> DIRECTIONS: Restate exactly the lines of the entries below, beginning with the first and ending with the line that holds "Danach erhielten die". Pictures are not copied.

START RECORDS PROVIDED

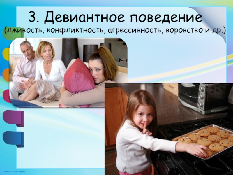 3. Девиантное поведение  (лживость, конфликтность, агрессивность, воровство и др.)
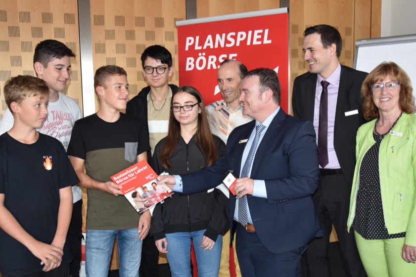 Danach erhielten die Vertreter der Teams die Wettbewerbs-Unterlagen ausgehändigt. Damit sind sie nun bereit für den Börsenspiel-Start am 25. September. Das "Planspiel Börse" ist ein Online-Wettbewerb, bei dem die Schüler risikolos ihr virtuelles Kapital einsetzen und die Mechanismen des Börsenhandels zehn Wochen lang kennenlernen können.
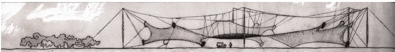 Hansen’s theory offered new ways to conceptualise architecture. Buildings designed as ‘open forms’ would be positively ‘incomplete’, leaving opportunities for occupants to shape their environment in meaningful ways. Promising universal application, Hansen saw it as a way of thinking about public memorials, housing estates as well as temporary events and exhibitions. One year after publishing his theory, Hansen designed the ‘Moje Miejsce, Moja Muzyka’ (‘My Place, My Music’) pavilion for the Międzynarodowy Festiwal Muzyki Współczesnej (International Festival of Contemporary Music), an important new forum for avant-garde composers. Working with Józef Patkowski, a pioneer of electronic music, Hansen experimented with the ‘spatiality of music’ – what he called an ‘audiovisual space-time’. A large fabric structure, like a shirt with sleeves, each equipped with a speaker at its end, would be suspended in a park. Viewers were to be encouraged to move through the space. In Hansen’s words ‘each could walk their chosen path in relation to the music – almost as if they owned it … the spatial relativity of the music’s reception brought the listener closer to an intimate experience of it … integrating sound with the listeners’ movements as well as with the trees and clouds’.[40] Here was a playful view of experience that unhinged the architecture of leisure from its supporting role in the reproduction of labour or the promotion of socialist modernity.
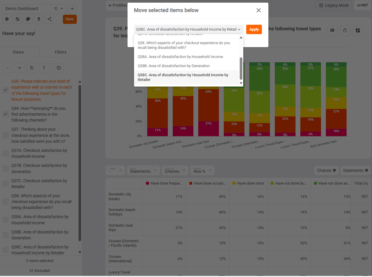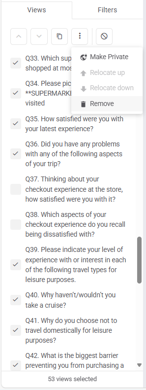 6: Move or Relocate selected views to anywhere you like in your survey. Simply select the views you want to move, click the 3-dot icon and click 'Relocate down'. Then select the question you want to move them below and click 'Apply'. E.g. let's move our restored views (Q39 and Q49) from the top of our dashboard to the bottom (below Q38C).
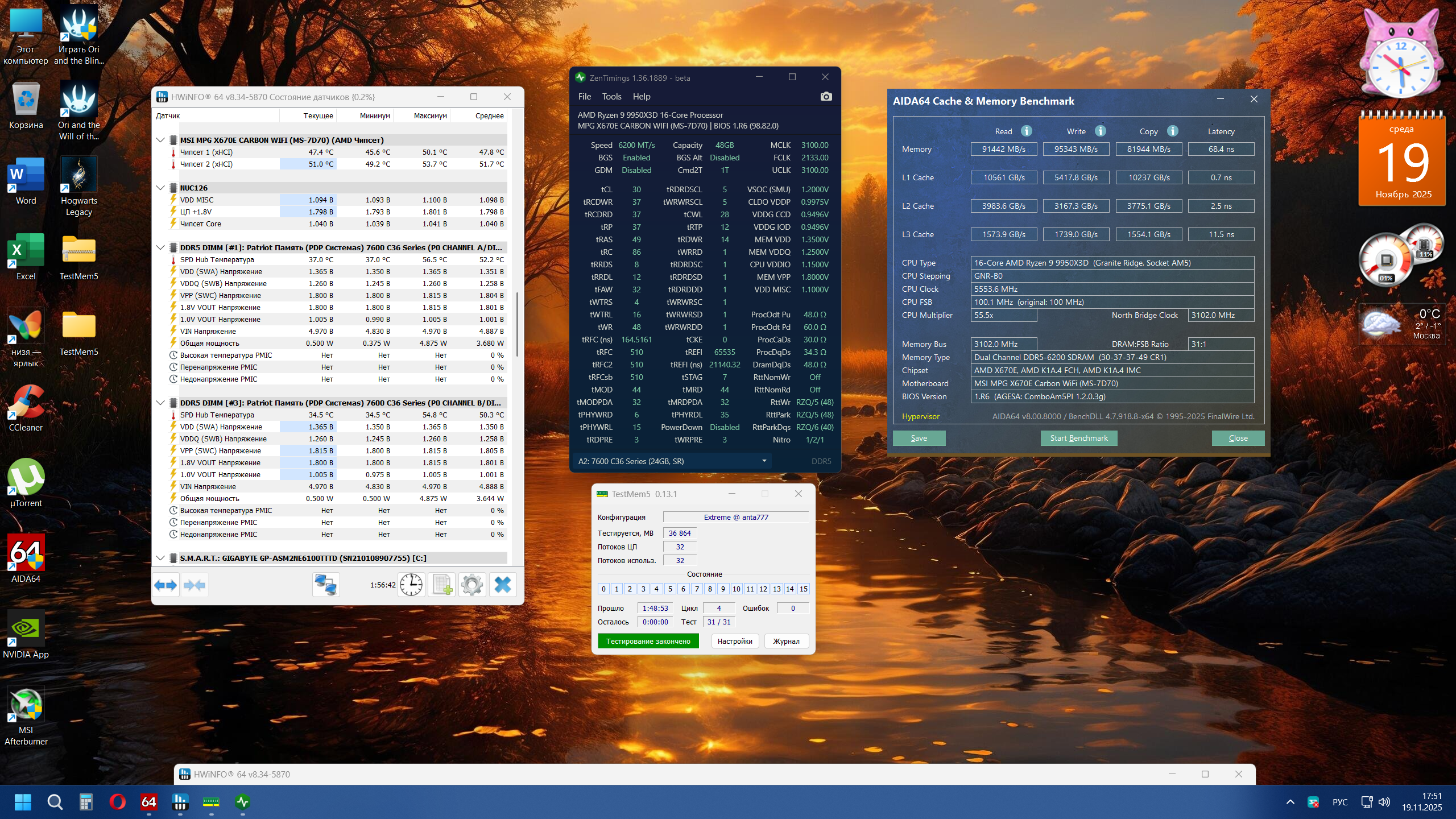 Добрый вечер, давно не обновлял биос материнки, решил протестировать оперативку с последним биосом. Протестировал программой ТМ от Anta777 Extreme раньше всегда использовал ТМ Anta777 Ryzen X3D поскольку у меня процессор X3D.

END RECORDS PROVIDED

> EXERCISE RESPONSE:
 3. Девиантное поведение  (лживость, конфликтность, агрессивность, воровство и др.)
 Danach erhielten die Vertreter der Teams die Wettbewerbs-Unterlagen ausgehändigt. Damit sind sie nun bereit für den Börsenspiel-Start am 25. September. Das "Planspiel Börse" ist ein Online-Wettbewerb, bei dem die Schüler risikolos ihr virtuelles Kapital einsetzen und die Mechanismen des Börsenhandels zehn Wochen lang kennenlernen können.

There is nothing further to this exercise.